The Turk in his fighting clothes, however, was an acquaintance the young aviators had yet to make—the time drawing nigh, though, and a veritable storm of explosives to make the occasion memorable.
Billy and Henri were to work with the Black Sea air fleet, their expert services as a contribution from Sergius, which made them, in a sense, independent factors as pilots.
As untried recruits, and on account of their youth, the boys had the usual doubt on the part of aviation chiefs to overcome—and, based upon past experience, it is perfectly safe to anticipate that they passed the crucial test, literally speaking, with “flying colors.”
While the lads regretted that they would not have the No. 3’s under them in their trial trip, all types approaching the same lines looked alike to them.
With two noted aerialists and high-range bomb-throwers, Lieutenants Moppa and Atlass, behind them, within three days after their arrival in Odessa, the newly assigned pilots set out in two specially designed seaplanes for scout duty that would take them far across the waste of waters.
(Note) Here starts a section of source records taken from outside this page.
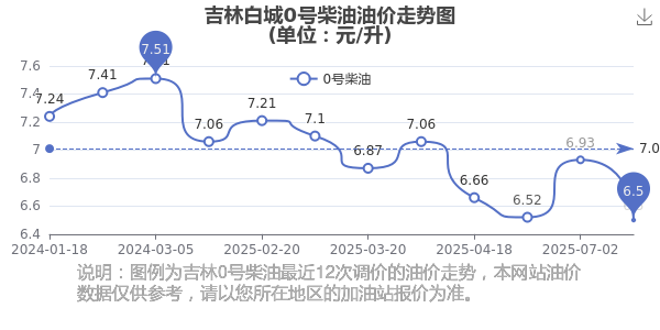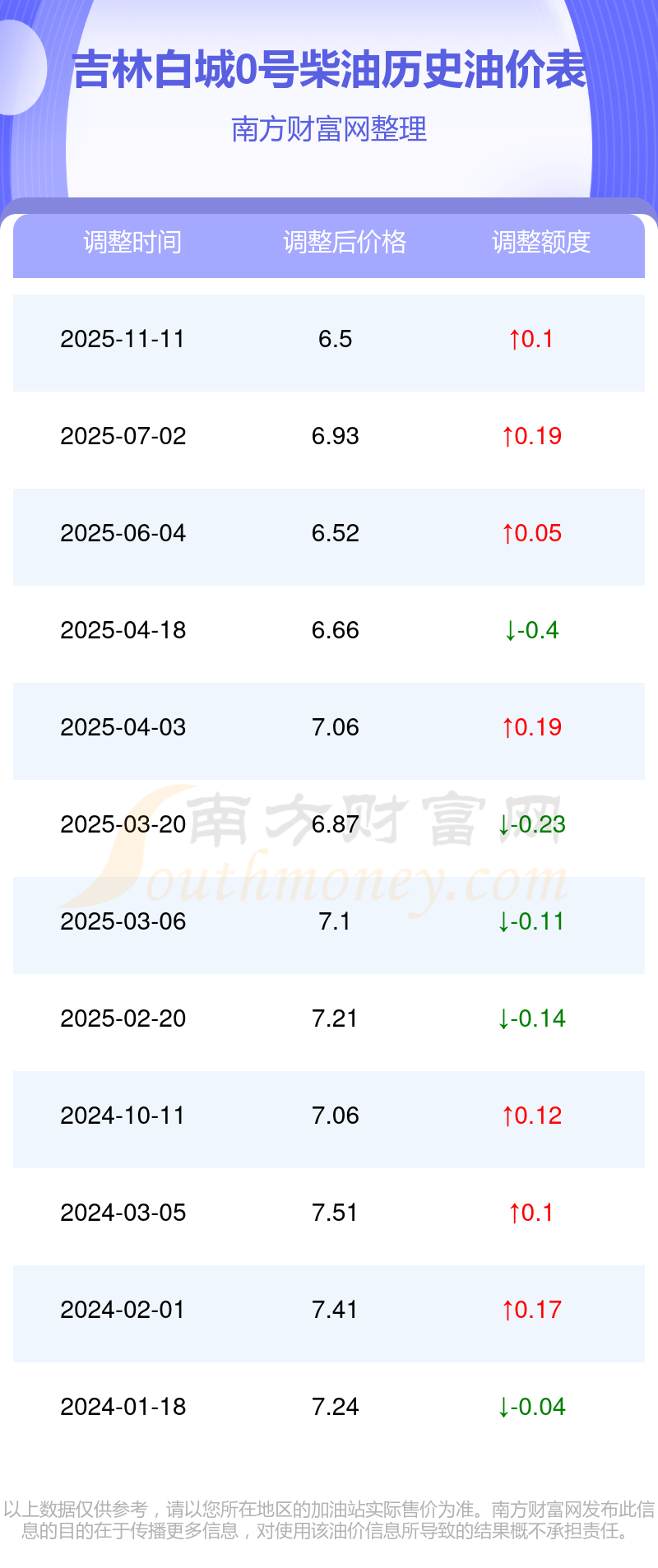 11月22日吉林白城0号柴油的价格为6.5元/升,这是11月11日调整后的价格,对比上轮调整上调了0.1元,上调1.563%。
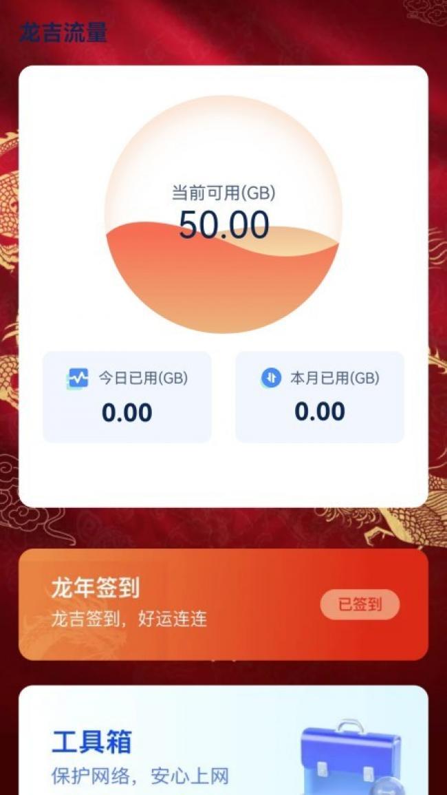 龙吉流量app下载是一款提供专业流量管理的软件,通过它可以帮助用户将手机流量的实用情况实时进行监控,记录下手机流量的消耗数据,让用户清楚所有的流量使用情况,从而更好的控制手机流量的使用有效的降低流量消耗,防止超出额外费用的产生,节省流量费用,让你可以更好的管理手机上的流量,并且其中还能够为你已提供电子贺卡制作功能,可以让用户个性化定制电子贺卡给你的家人朋友们送祝福,借助电子贺卡来传达你的心意,十分的方便,用户还可以在这里学习到更正传统文化知识,让传统文化能够得到更好的弘扬和传承,积极进行文化推广。喜欢的伙伴们快来下载试试吧。
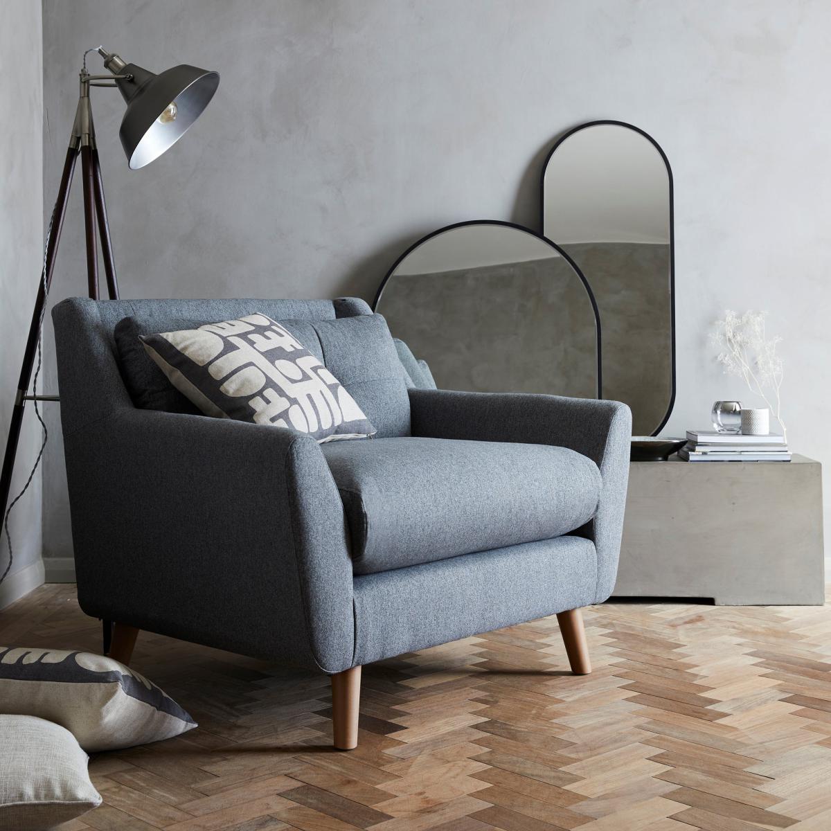 Beautifully crafted with winged arm, this blue Halston snuggle chair features a modern look, ideal for contemporary and transitional spaces. With its deep fibre filled seat cushions with spring suspension, this snuggle chair is upholstered in a comforting fabric to provide soft to touch feel. Designed with angled wooden legs and button back detailing, this snuggle chair is sure to add a touch of elegance to your room and provide comfort. Did you know, we now offer a 10 year frame guarantee on this sofa. To find out more, please. To check out our handy sizing guide to help you find out if you’ll be able to get your new furniture into your home.
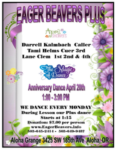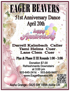 Come help us celebrate 51 years of friendship, fun, and fancy footwork, we can’t wait to dance with you! You’ll find us every Monday at the Aloha Grange, with Darrell Kalmbach calling and Tami Helms and Lane Clem cueing on alternate Mondays. For current dancing information, please see our website at https://EagerBeavers.info. (see link above).
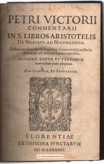 Petri Victorii Commentarii in X libros Aristotelis de moribus ad Nicomachum. Positis ante singulas declarationes Graecis verbis auctoris: iisdemque ad verbum Latine expressis. Accessit rerum et verborum memorabilium Index plenißimus. Cum Licentia, et Privilegiis. [Druckermarke (Z657)]. Florenz, Giunta, 1584. Florentiae Ex Officina Iunctarum M D LXXXIII (Florenz, Offizin der Giunta 1584). [Im Impressum genauer: Florentiae Ex Typographia Philippi, & Iacobi Iunctiae, & Fratrum [= Bernardo 1575 - 1586], M D LXXXIV.) [Letztes Blatt verso Druckermarke mit "Nil Candidius" und "F" (V70)]. 1 (weißes) Blatt; 6 Blätter (incl. Titel); 616 S; 1 Blatt (Errata); 19 Blätter (Indices und Impressum); 1 Blatt (Druckermarke); 1 (weißes) Blatt. Späterer Kalbslederband über sechs Bünden mit reicher Rückenvergoldung, dezenter Filetenvergoldung auf den Deckeln, sowie Kantenvergoldung. Allseitiger Rotschnitt. Marmorierte Innendeckel und fliegende Vor- bzw. Nachsätze. (31 x 21 cm) 4°. Hoffmann I, 291. Schweiger I, 52. Ebert 1149. Graesse I, 212. OCLC 759740657. Edit16 CNCE 29111 ("Var. B: Sul front. marca Z657 in luogo di U394"). - Berühmter Kommentar zur Nikomachischen Ethik des Aristoteles, die Summe eines Gelehrtenlebens, veröffentlicht mit 86 Jahren - Der spätere, wohl englische Einband des 18. Jahrhunderts ist restaurierungsbedürftig. Die Außengelenke sind angebrochen, am oberen und unteren Rücken kleinere Fehlstellen, die Kanten bestoßen, die Deckel berieben, der hintere stärker. Stellenweise etwas Lederverlust. Je ein Exlibris auf den beiden Innendeckeln, das vordere jünger und von "Robert Jay Hayhurst", das hintere älter und von "William Adair Esq." (vergl. unsere ausführlichen Anmerkungen). Die einzelnen Blätter unterschiedlich erhalten, von sauber bis minimal stockfleckig, von leicht bis stärker gebräunt, lagenweise, je nach der verwendeten Papierqualität. In der Mitte im oberen Bundsteg, kaum störend, eine alte Wurmspur. Große Druckermarke der Giunta (vergl. unsere Anmerkungen) auf dem Titelblatt recto, verso Holzschnitt-Portrait im Medaillon des Verfassers mit umlaufender Schrift: "Petrus Victorius Florentinus Annum Agens LXXXI". Das 81. Lebensjahr wurde von alter Hand korrigiert in "LXXXVI", also in sein tatsächliches Lebensalter von 86 Jahren. Mit zahlreichen Holzschnitt-Vignetten und historisierten Schmuckinitialen. Die Widmung des Verfassers an den Medici-Fürsten datiert auf den 24. September 1584 (Florentia VIII. K.[alendis] Octobr.[is] M D LXXXIII"). Die Zensurfreigabe im Impressum stammt bereits aus dem Jahre 1583. Kleiner Einriß im weißen Rand des Titelblattes hinterlegt. Die Druckermarke auf dem Titelblatt wird im Edit16 mit "Z657" ("Giglio fiorentino. In cornice figurata 1575 - 1600. Dimensioni: 7,5 x 10") bezeichnet und Bernardo, Filippo und Iacopo zugeordnet. Über dem Druckvermerk im Impressum eine weitere, vignettenartige Druckermarke mit zwei Putten und dem Motto "In Domino Confido" (A54 - V69 - Z651), die Druckermarke am Schluß identifiziert Edit 16 mit "V70". Nach Edit16 ist unser Exemplar eines der "Variante B", da die Druckermarke auf dem Titelblatt die der Giuntas (Z657) ist und nicht U394: "Stemma Medici-Capello (6 palle, leone, cappello). In cornice figurata". * Bitte fordern Sie bei Interesse unsere umfangreichen Anmerkungen an. * [Nicomachean ethics of Aristotle].

The bombardment of Novorossisk was in progress as the aviators sped that way, and the pilots were compelled to run at great altitude to clear the mass of flames that lit the lowering sky for miles around. German gunners in Turkish warships had shot a hundred oil tanks into blazes. At Poti another Turkish cruiser was exchanging shells for the shore pepper of machine guns, and cannon were thundering from the fortress of Sevastopol.
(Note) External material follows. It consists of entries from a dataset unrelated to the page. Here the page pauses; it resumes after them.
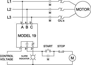 The Model 19 continuously monitors 3-phase power lines for abnormal conditions. When properly adjusted, the Model 19 monitor will detect phase loss on a loaded motor even when regenerated voltage is present.
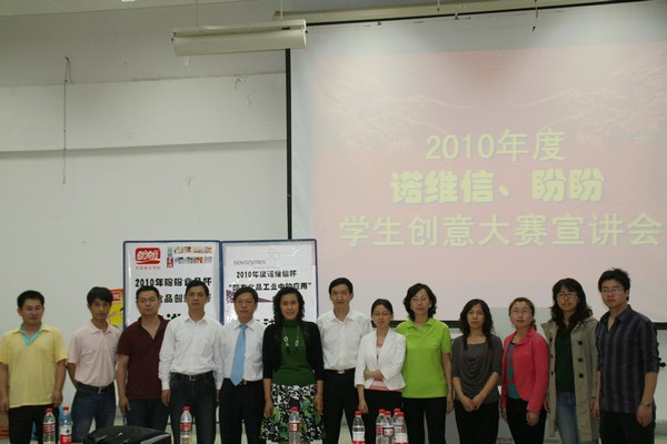 5月7日晚,2010年度诺维信杯“酶在食品工业中的应用”创意大赛以及盼盼食品杯烘焙学生创意大赛宣讲会在伟德国际victor1946第二教学楼2100教室隆重举行。中国食品科学技术学会副秘书长、学术部主任郭勇、诺维信(中国)投资有限公司人事经理隋宁、客户经理伍中云、区域市场经理胡颖、研发经理陈霖,盼盼食品集团董事兼企划研发中心总监吴松青、企划部经理陈茂盛、研发部经理张冶,采购部经理杨元江以及1946伟德国际源自英国党委副书记、副院长曹瑛老师、1946伟德国际源自英国黄卫宁教授、分团委书记苏晓晋老师等出席了此次宣讲会。宣讲会由1946伟德国际源自英国辅导员李博老师主持。
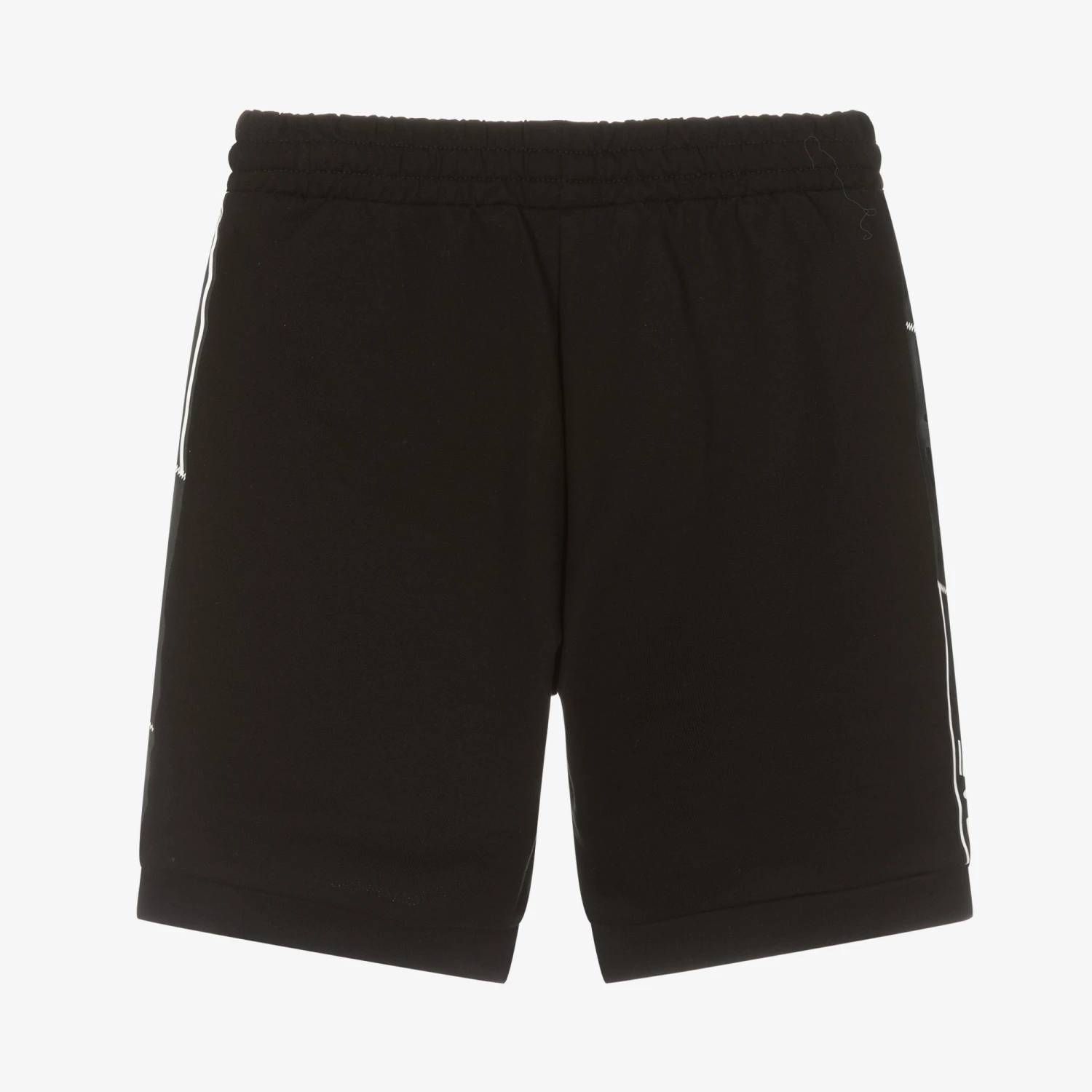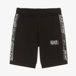 Black shorts for boys by EA7 Emporio Armani, made in the softest cotton jersey. Cool and contemporary, they feature a black EA7 logo on the leg, with sleek black taping down the sides. The pockets and internal drawstring waistband offer comfort to this casual style.
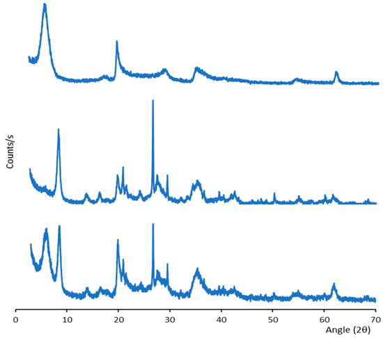 XRPD diffraction patterns of B-CUR (top panel), P-CUR (middle panel), and B/P-CUR (bottom panel) hydrogels.
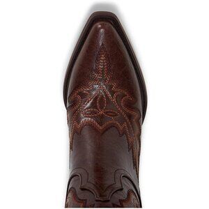 🆕Women Chestnut Brown Faux Leather Wood Embroidered Chunky Heel Cowgirl Boots
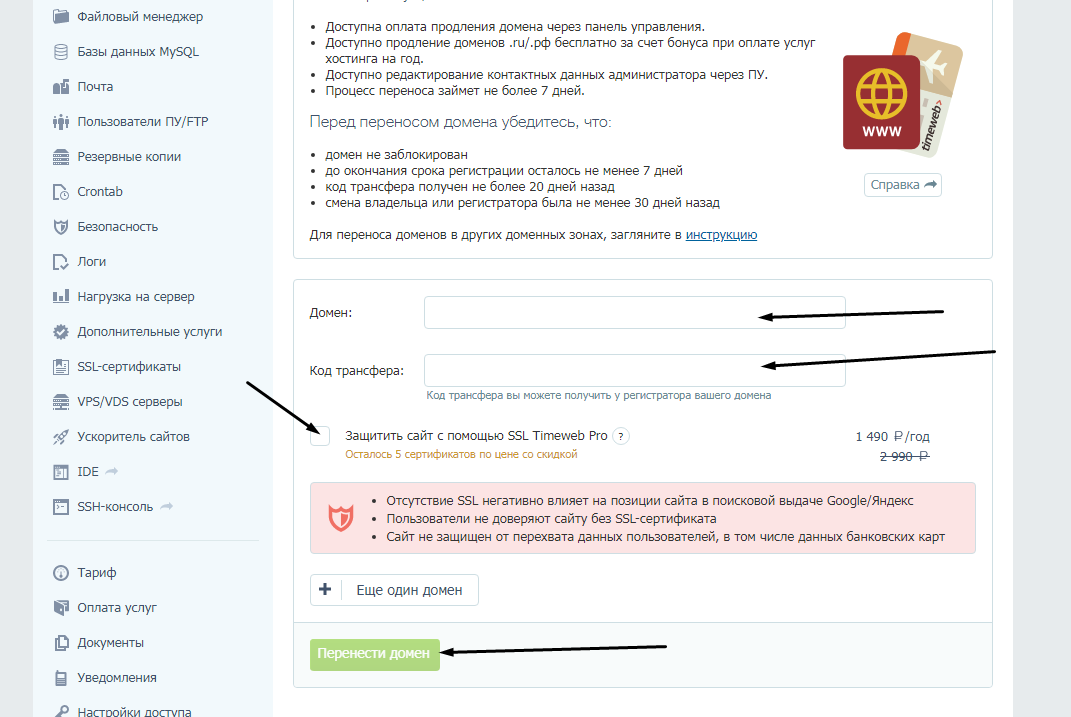 В соответствующем поле указываем ссылку и код трансфера, полученный от регистратора. Можно подключить дополнительно защиту с помощью SSL-сертификата. По окончании настройки жмем на кнопку «Перенос домена».

Lieutenant Moppa, from the aircraft Billy was driving, sent down a couple of bombs on the Turkish battleship “Midirli,” but the missiles missed and splashed into the sea far to the right of the vessel.
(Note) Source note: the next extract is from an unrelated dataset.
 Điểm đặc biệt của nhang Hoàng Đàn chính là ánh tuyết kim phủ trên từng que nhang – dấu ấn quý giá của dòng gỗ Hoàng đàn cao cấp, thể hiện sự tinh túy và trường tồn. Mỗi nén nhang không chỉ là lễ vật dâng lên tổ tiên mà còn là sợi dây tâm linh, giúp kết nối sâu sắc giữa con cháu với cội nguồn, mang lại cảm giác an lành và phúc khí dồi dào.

A couple of marine riflemen took a chance at the seaplane in return, and more than one bullet flattened against the armored bottom and side of the big flyer. The observer seemed to revel in the game, and shouted defiance at the air, for with the hum of the motors the biggest voice for distance counted no more than a penny whistle.
The officer at the rear of Henri, however, made himself heard by the pilot, when directing attention to a cloud of smoke lifting high above the lower strata of mist, and urging speed in that direction. It was a Russian fleet hastening from its bombardment of Turkish Trebizond to give battle to the Ottoman disturbers of the Russian coast line—“two, three, four, five, six, seven,” counted the aviators—all of them big ships, and five smaller ones completing the naval procession.
At the two Turkish vessels, five miles away, the oncomers plugged big shells at a lively rate, and about the craft under fire the aviators could see that the water jumped and churned and rose in columns. To port and starboard, fore and aft, above and below, there was nothing but shot and shell. It looked like the Turks did not know which way to turn, but by some hook or crook they got things to running smoothly, and made a clean getaway.